Et d’abord — qui est le père ici ? Pas lui, pas ce vieux, moi ! Sous l’enfant de deux ans, le dernier-né des neuf enfants rassemblés autour du patriarche (des neuf enfants vivants, s’entend, nous ne comptons pas les morts), il a écrit « Papito ». Bien sûr, il est le père des deux petites filles pour qui il rédige l’album — le « caro papito » auquel elles écrivent de délicieuses cartes postales depuis leur pensionnat turinois. Mais il est aussi l’enfant rebelle, celui qui fugua à huit ans pour s’embarquer à Gênes comme mousse vers l’Extrême-Orient, le plus loin possible de toute cette famille. Ramené à la maison par les carabiniers, il dut affronter son père, sa mère, ses frères, ses sœurs, ses beaux-frères et belles-sœurs — et même ses neveux plus âgés que lui. Quelque chose comme L’enfant d’éléphant…

‘Scuse me,” said the Elephant’s Child most politely, “But my father has spanked me, my mother has spanked me, not to mention my tall aunt, the Ostrich, and my tall uncle, the Giraffe, who can kick ever so hard, as well as my broad aunt, the Hippopotamus, and my hairy uncle, the Baboon, and including the Bi-Coloured-Python-Rock-Snake, with the scalesome, flailsome tail, just up the bank, who spanks harder than any of them; and so, if it’s quite all the same to you, I don’t want to be spanked any more.”

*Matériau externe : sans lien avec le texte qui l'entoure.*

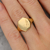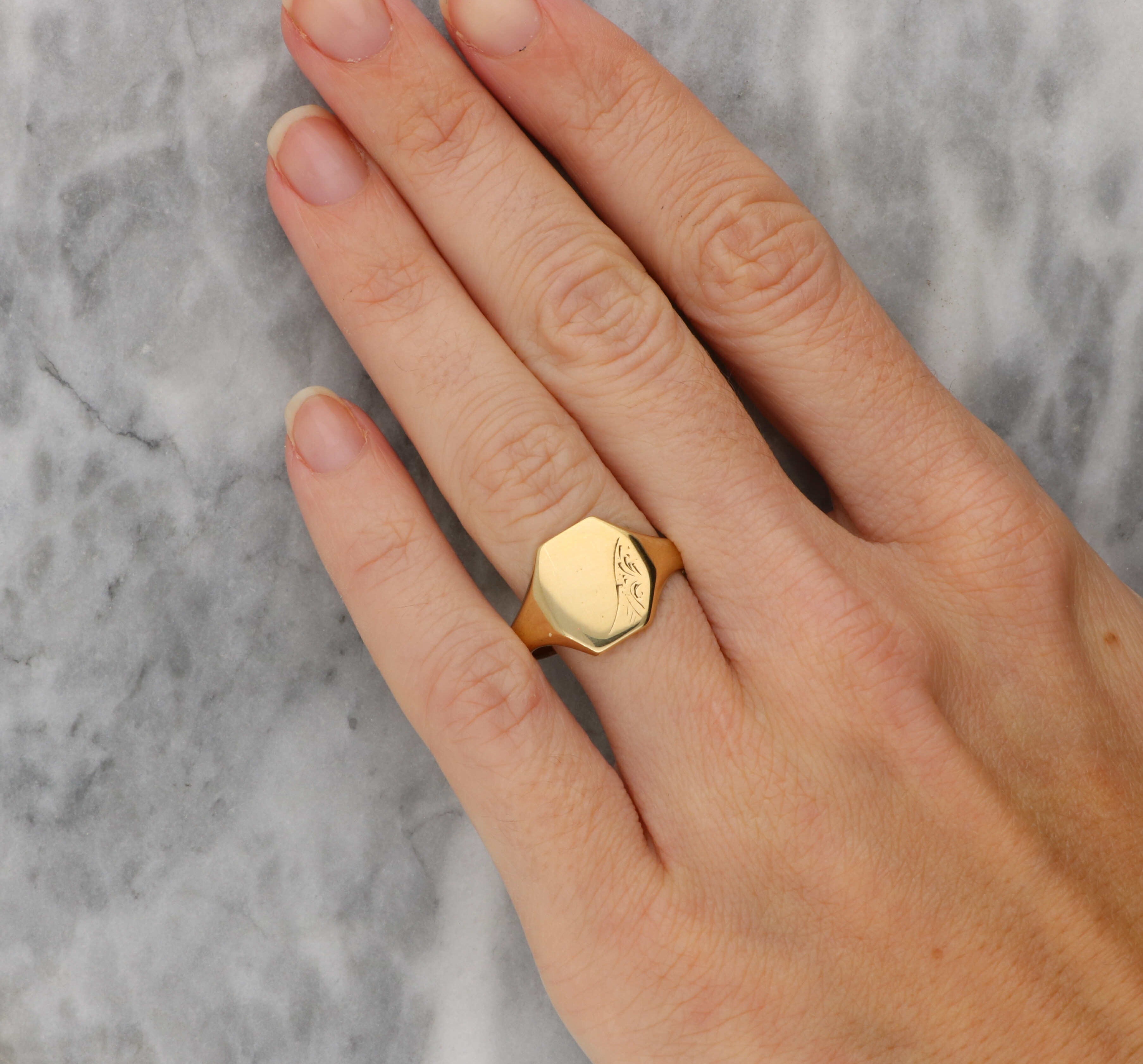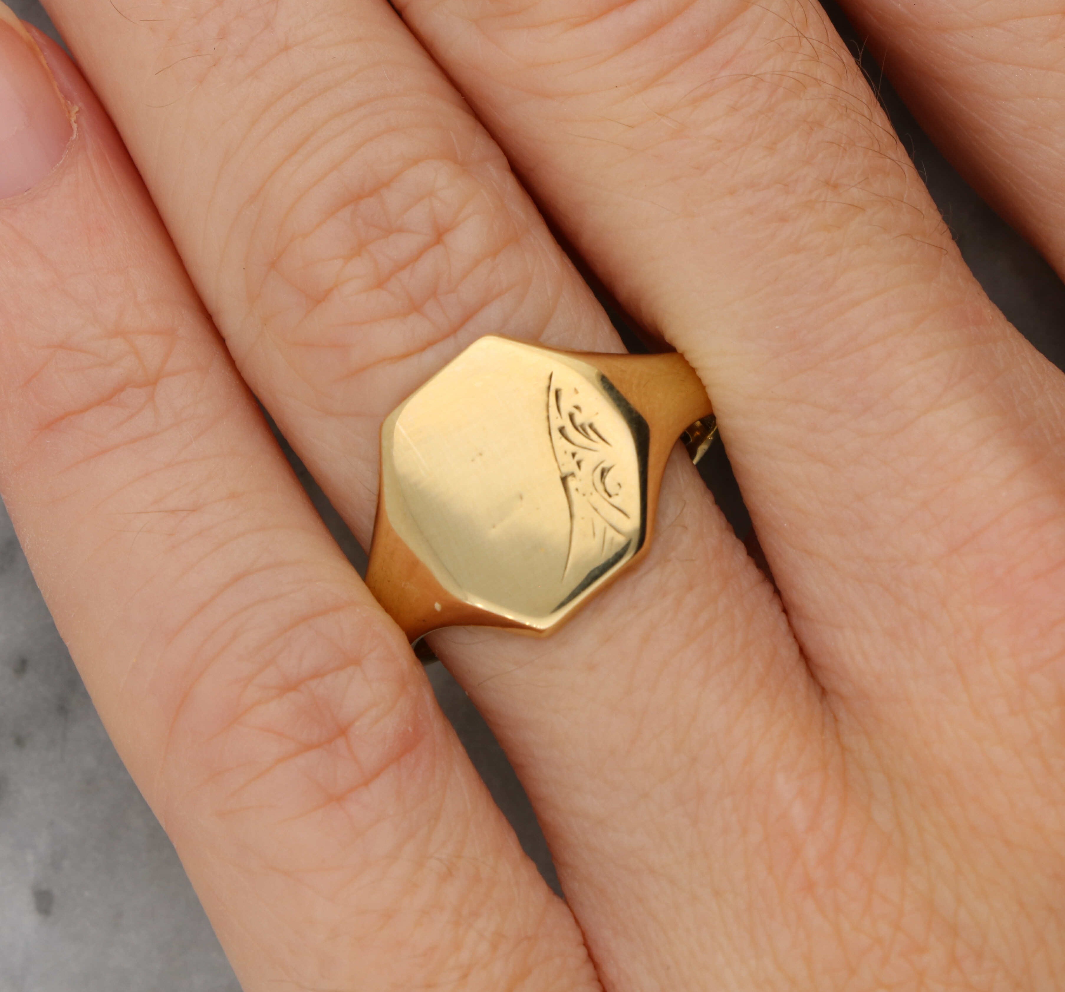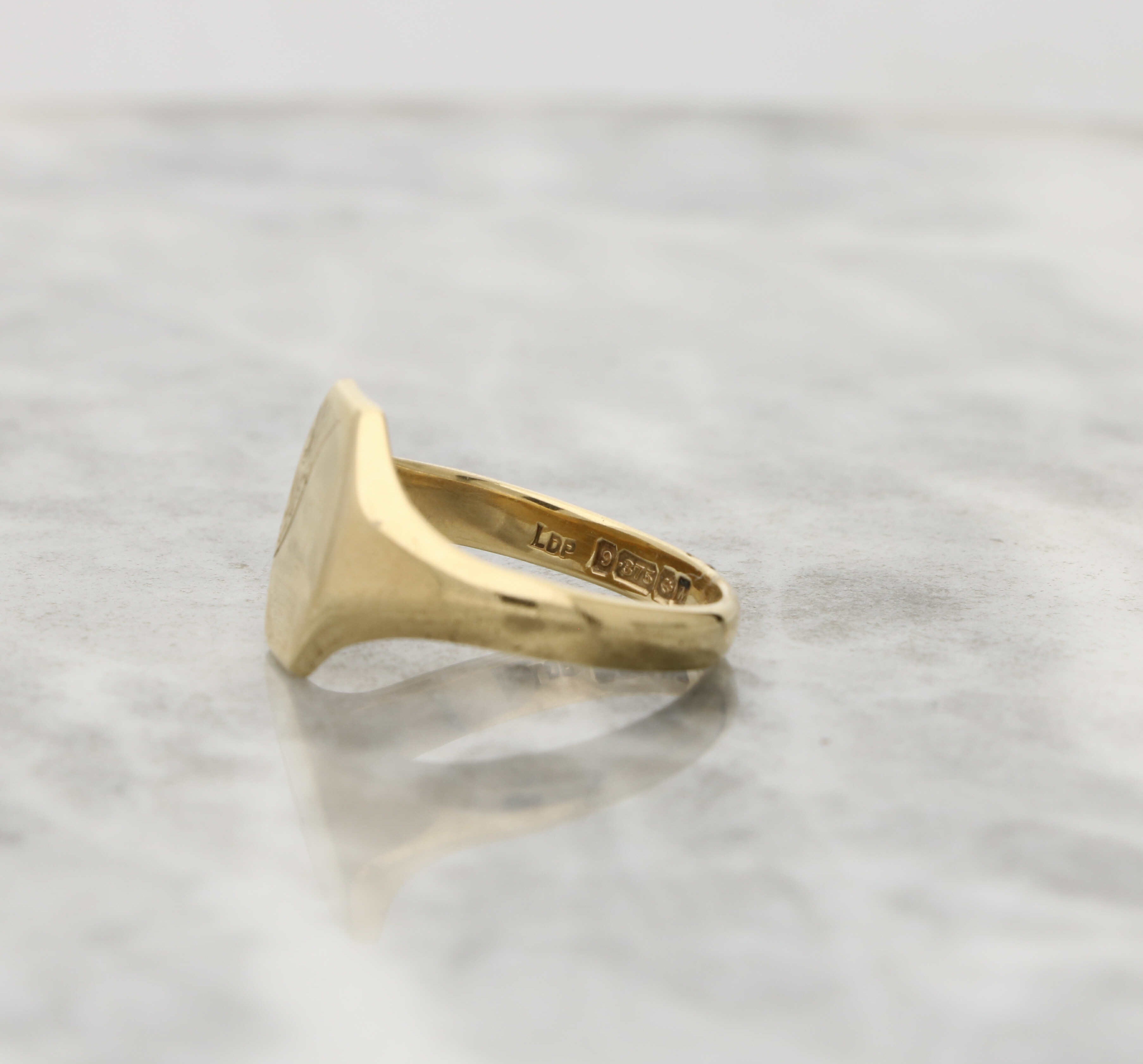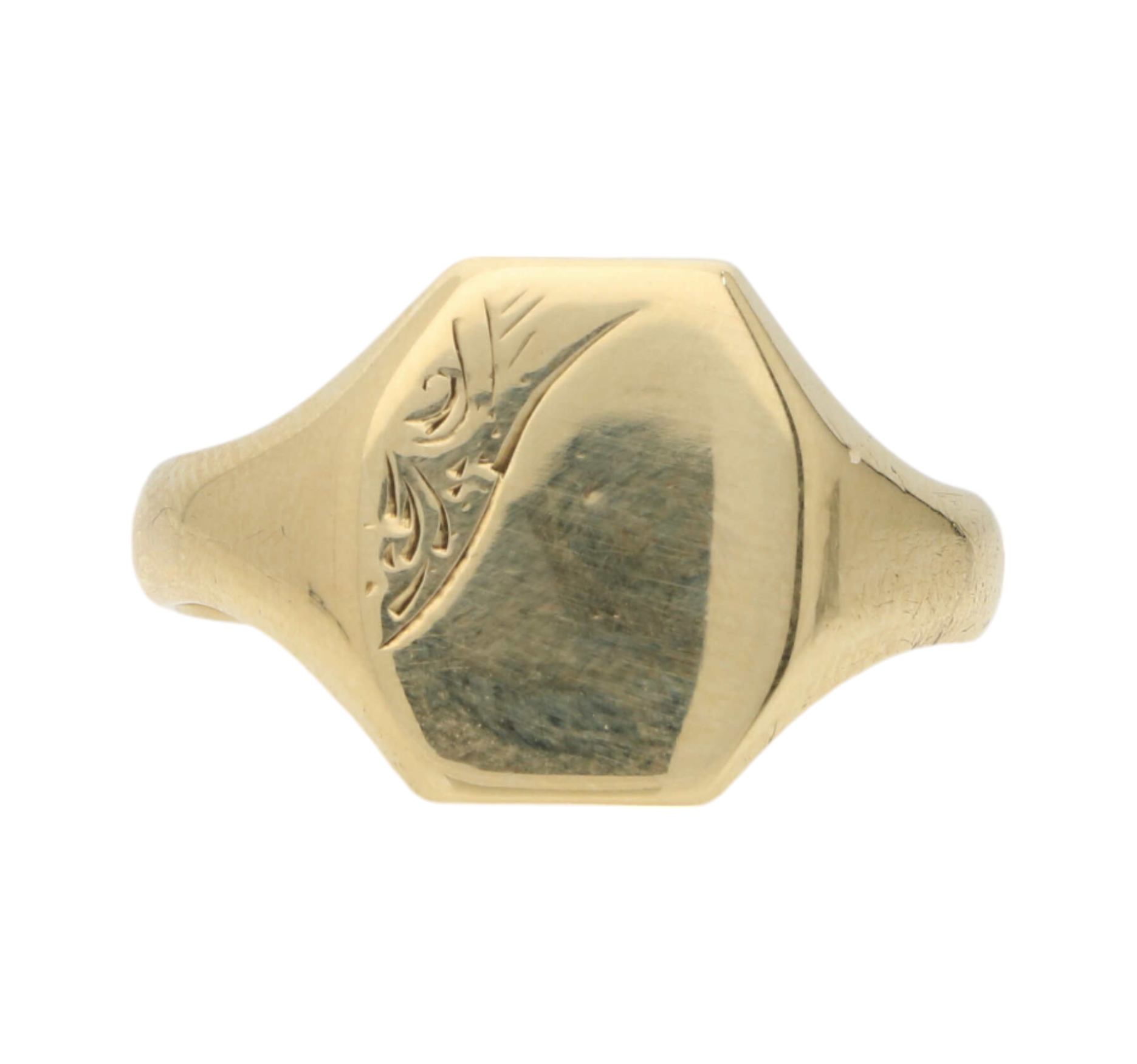 A vintage 9ct gold half engraved signet ring, Birmingham 1961

Rudyard Kipling, Just So stories
’Scusez-moi, dit l’Enfant d’Éléphant très poliment, mais mon père m’a donné la fessée, ma mère m’a donné la fessée, sans parler de ma grande tante l’Autruche et de mon gros oncle l’Hippopotame, de ma tante la Girafe qui rue si fort et de mon oncle poilu le Babouin, sans oublier le Serpent-Python- de-Rocher-Bicolore à l’écailleuse queue flageleuse, près de la rive, qui frappe plus fort que tous les autres, et donc, si ça ne vous ennuie pas, j’aimerai mieux ne plus être fessé.

Il renvoie donc toute sa famille une génération en arrière. Et le père ? un « pépé » — et la mère ? une « mémé » — et les frères et sœurs ? tout un ramassis d’oncles et de tantes.
Et les beaux-frères et belles-sœurs ? et les encombrants neveux ? on les efface : il choisit soigneusement une photo de famille « restreinte » — Dieu nous garde des collatéraux.

Le photographe venu rendre compte des trente ans de mariage de ces vieux parents a donné à chacun la place due à son rang : le patriarche au centre, la mère et l’aînée des filles, la terrible Gigina, de part et d’autre du groupe comme pour matérialiser le partage du pouvoir entre elles (un pouvoir de seconde classe tout de même). Les garçons de part et d’autre du père de famille, l’héritier au centre, tenant déjà le trône entre ses mains, les filles alignées perpendiculairement — la plus jeune rompt vilainement la symétrie de l’ensemble.
Le petit dernier sous la menace des claques, au cas où il bougerait pendant le temps de pose.